▶ [WHAT THE EXERCISE ASKS] Transcribe only the part of the material below that begins at the line containing "घरघोड़ा/बिलासपुर(गौरी शंकर गुप्ता)।" and ends at the line containing "top:0; width:100px; height:100px;", with both kept and images left out.

▶ [DATA EXCERPTS]
++++++++++++++++++++

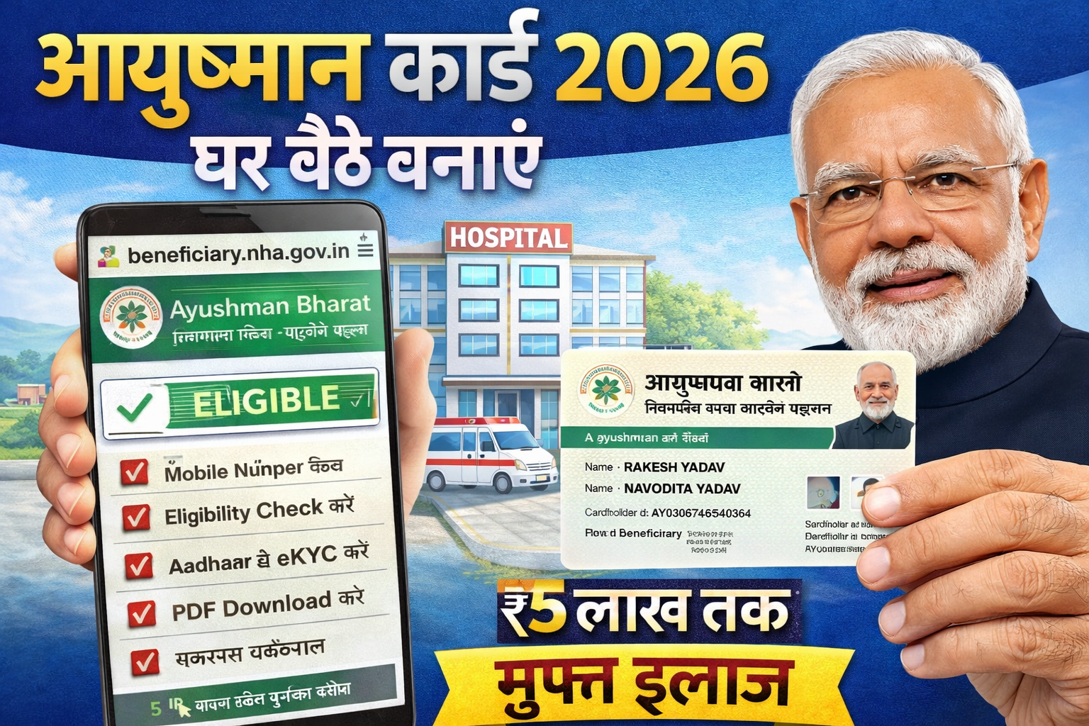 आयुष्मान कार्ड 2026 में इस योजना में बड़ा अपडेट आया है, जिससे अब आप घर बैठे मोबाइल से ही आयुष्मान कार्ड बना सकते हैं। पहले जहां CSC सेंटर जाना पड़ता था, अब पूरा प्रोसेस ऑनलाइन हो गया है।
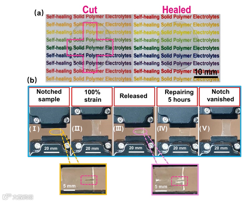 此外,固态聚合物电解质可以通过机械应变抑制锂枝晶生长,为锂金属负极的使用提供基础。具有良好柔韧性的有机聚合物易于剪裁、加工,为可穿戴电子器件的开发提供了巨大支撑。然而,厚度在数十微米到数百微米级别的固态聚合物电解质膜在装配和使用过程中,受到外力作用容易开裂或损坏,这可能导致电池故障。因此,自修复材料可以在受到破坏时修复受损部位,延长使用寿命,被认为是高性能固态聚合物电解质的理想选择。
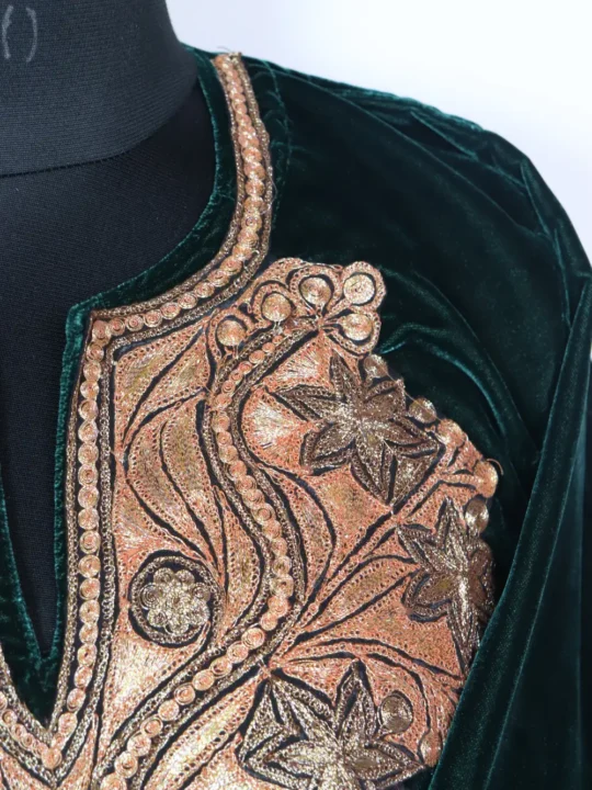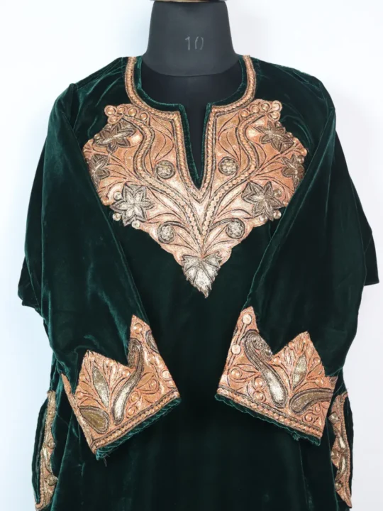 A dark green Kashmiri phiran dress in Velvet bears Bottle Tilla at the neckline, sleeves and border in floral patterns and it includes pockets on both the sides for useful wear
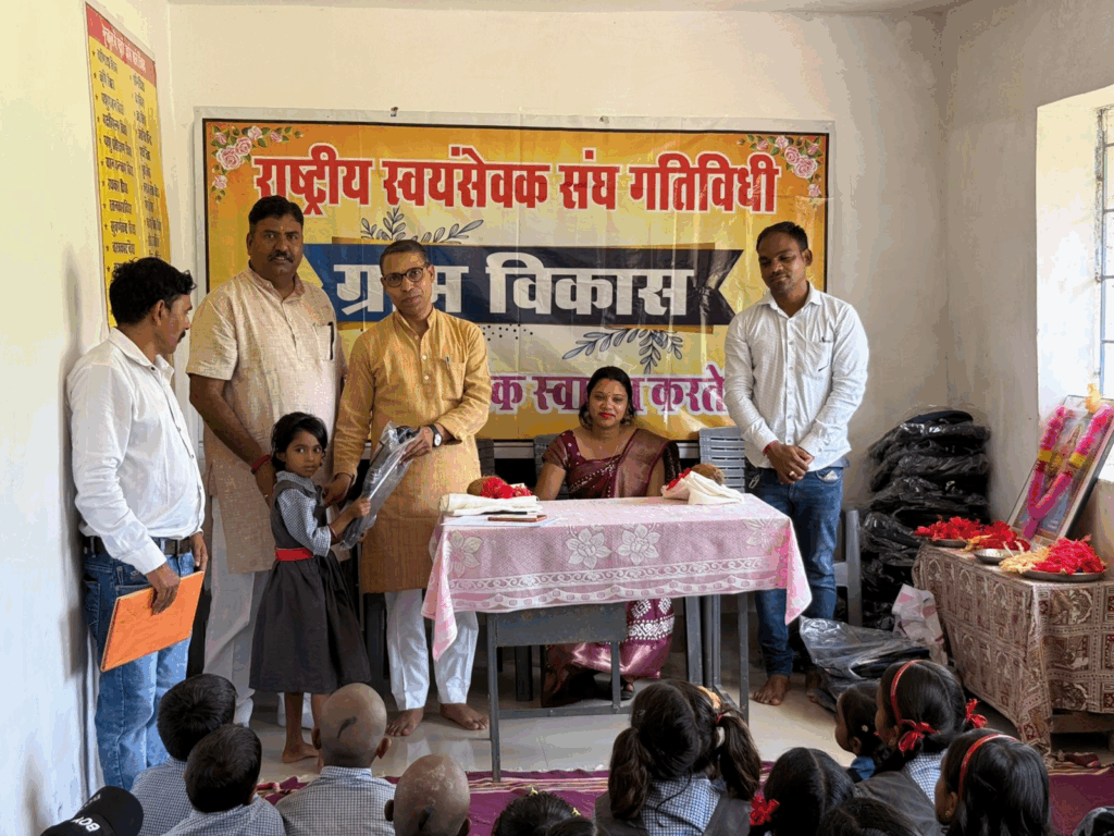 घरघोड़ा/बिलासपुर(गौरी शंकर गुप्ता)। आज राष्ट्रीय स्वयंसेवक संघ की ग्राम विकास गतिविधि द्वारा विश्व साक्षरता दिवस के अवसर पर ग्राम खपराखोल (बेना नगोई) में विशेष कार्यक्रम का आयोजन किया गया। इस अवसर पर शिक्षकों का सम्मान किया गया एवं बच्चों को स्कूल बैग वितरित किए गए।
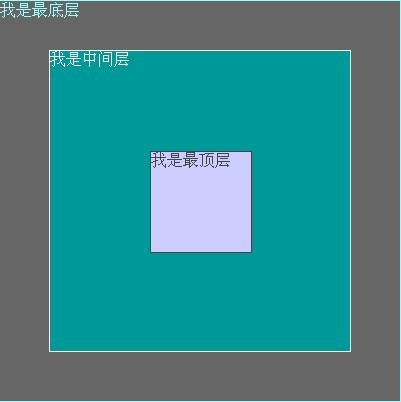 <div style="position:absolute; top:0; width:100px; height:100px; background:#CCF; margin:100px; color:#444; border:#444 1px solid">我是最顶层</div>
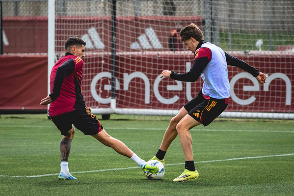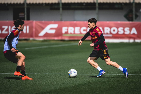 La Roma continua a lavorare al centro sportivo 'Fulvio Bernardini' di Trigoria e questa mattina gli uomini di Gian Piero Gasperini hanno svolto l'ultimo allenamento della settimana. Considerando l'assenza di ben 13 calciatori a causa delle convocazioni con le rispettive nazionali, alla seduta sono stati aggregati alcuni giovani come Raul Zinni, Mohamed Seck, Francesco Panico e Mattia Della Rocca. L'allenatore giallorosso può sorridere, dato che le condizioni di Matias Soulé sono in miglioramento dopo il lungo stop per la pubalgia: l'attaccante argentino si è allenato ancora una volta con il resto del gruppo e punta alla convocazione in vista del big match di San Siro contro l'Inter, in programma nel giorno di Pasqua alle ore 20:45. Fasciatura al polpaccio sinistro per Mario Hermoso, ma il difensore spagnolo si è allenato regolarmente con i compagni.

++++++++++++++++++++

▶ [REPLY TO THE TASK]
 घरघोड़ा/बिलासपुर(गौरी शंकर गुप्ता)। आज राष्ट्रीय स्वयंसेवक संघ की ग्राम विकास गतिविधि द्वारा विश्व साक्षरता दिवस के अवसर पर ग्राम खपराखोल (बेना नगोई) में विशेष कार्यक्रम का आयोजन किया गया। इस अवसर पर शिक्षकों का सम्मान किया गया एवं बच्चों को स्कूल बैग वितरित किए गए।
 <div style="position:absolute; top:0; width:100px; height:100px; background:#CCF; margin:100px; color:#444; border:#444 1px solid">我是最顶层</div>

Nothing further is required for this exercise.